» Dataset content:
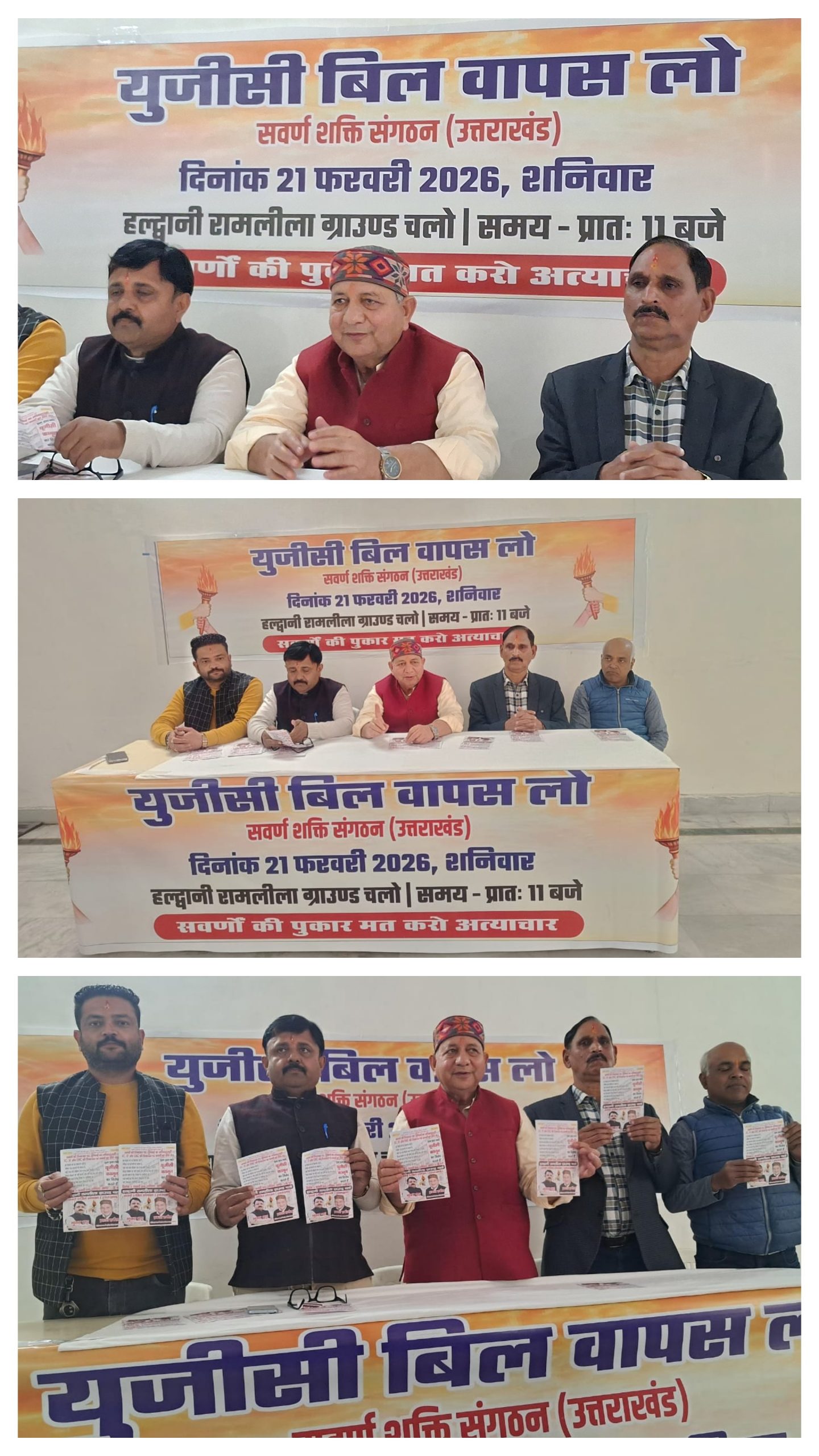 हल्द्वानी—   हल्द्वानी में सवर्ण शक्ति संगठन(उत्तराखंड) के संयोजक प्रकाश हर्बोला द्वारा पत्रकार वार्ता की गई, जिसमें यूजीसी के काले कानून के विरोध में सवर्ण शक्ति संगठन के संयोजक प्रकाश हर्बोला ,सहसंयोजक भुवन भट्ट, सदस्य जगत सिंह बिष्ट ,सदस्य मनोज अग्रवाल, सदस्य तरूण वानखेड़े, आदि लोग उपस्थित रहे।
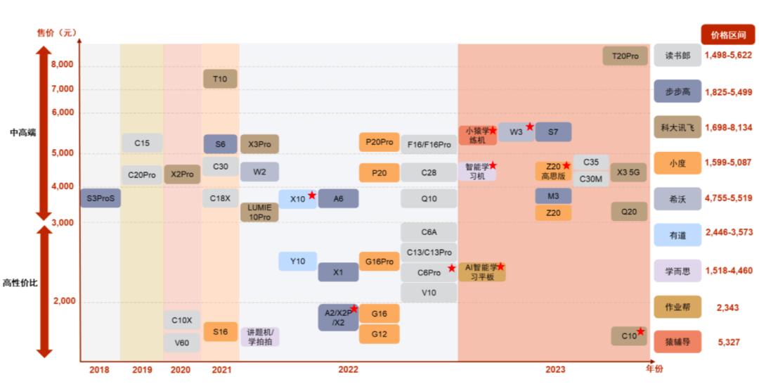 并且,随着AI大模型功能的加入,6000元以上价格段的超高端学习机产品,正在快速被市场接受。
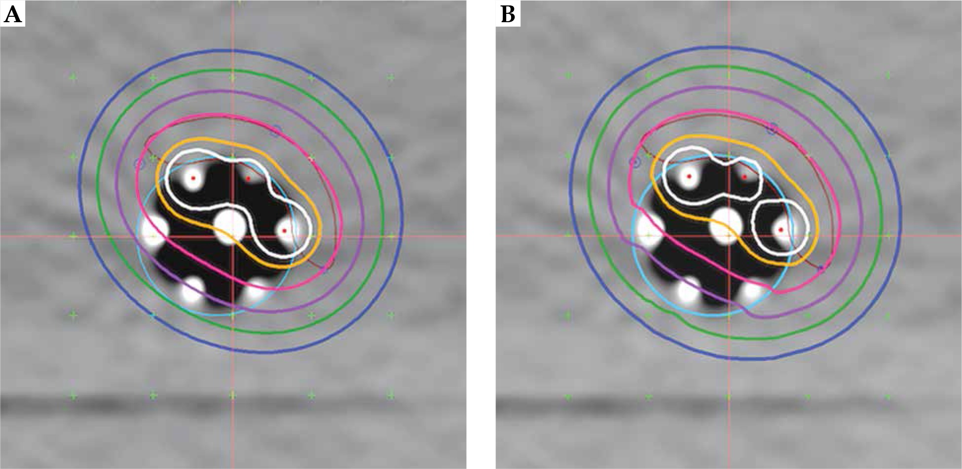Figure 3 shows the cross-sectional dose distributions for a target ring of 5 mm thickness, using one central channel (A) or 6 peripheral channels (B). The dose was normalized to 5 mm depth from the applicator surface; source dwell points were separated by 5 mm in each channel, using optimization on dose points. Figure 5 is an example of using all 6 channels for a target having 2 thicknesses. Graphical optimization was applied to conform the 100% isodose line to the target depths. If a single central catheter was used, the dose distribution was as shown in Figure 3A for any of the cases discussed. The volume data provided in Table 1 were taken from dose-volume histogram (DVH) analysis from Oncentra software. The non-target V100 was the volume of 5 mm ring enclosed by the 100% isodose that was not a part of the target. It was obtained by subtraction of V100 values from the ring volume (16.6 cc). These data were used to calculate a conformity index (CI = TV/PTV; ICRU 62), for which the treatment volume (TV) was the volume of tissue re-ceiving 100% dose (it obviously excludes the applicator) and the contoured target was taken as the planning target volume (PTV).
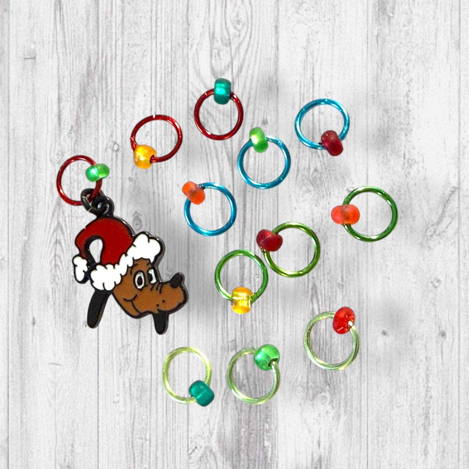The Grouch and his Ride or Die Reindog Progress and Stitch Markers are inspired by the classic 1966 animated movie and make the perfect gift for any knitter. These cheerful little markers are wonderful for knitters and crocheters alike and are delightful to tuck into a swap package, give to a teacher, or brighten the day of the maker in your life.

» Assignment: Return the complete data unchanged and include none of the pictures.

» Response to the task:
 हल्द्वानी—   हल्द्वानी में सवर्ण शक्ति संगठन(उत्तराखंड) के संयोजक प्रकाश हर्बोला द्वारा पत्रकार वार्ता की गई, जिसमें यूजीसी के काले कानून के विरोध में सवर्ण शक्ति संगठन के संयोजक प्रकाश हर्बोला ,सहसंयोजक भुवन भट्ट, सदस्य जगत सिंह बिष्ट ,सदस्य मनोज अग्रवाल, सदस्य तरूण वानखेड़े, आदि लोग उपस्थित रहे।
 并且,随着AI大模型功能的加入,6000元以上价格段的超高端学习机产品,正在快速被市场接受。
Figure 3 shows the cross-sectional dose distributions for a target ring of 5 mm thickness, using one central channel (A) or 6 peripheral channels (B). The dose was normalized to 5 mm depth from the applicator surface; source dwell points were separated by 5 mm in each channel, using optimization on dose points. Figure 5 is an example of using all 6 channels for a target having 2 thicknesses. Graphical optimization was applied to conform the 100% isodose line to the target depths. If a single central catheter was used, the dose distribution was as shown in Figure 3A for any of the cases discussed. The volume data provided in Table 1 were taken from dose-volume histogram (DVH) analysis from Oncentra software. The non-target V100 was the volume of 5 mm ring enclosed by the 100% isodose that was not a part of the target. It was obtained by subtraction of V100 values from the ring volume (16.6 cc). These data were used to calculate a conformity index (CI = TV/PTV; ICRU 62), for which the treatment volume (TV) was the volume of tissue re-ceiving 100% dose (it obviously excludes the applicator) and the contoured target was taken as the planning target volume (PTV).
The Grouch and his Ride or Die Reindog Progress and Stitch Markers are inspired by the classic 1966 animated movie and make the perfect gift for any knitter. These cheerful little markers are wonderful for knitters and crocheters alike and are delightful to tuck into a swap package, give to a teacher, or brighten the day of the maker in your life.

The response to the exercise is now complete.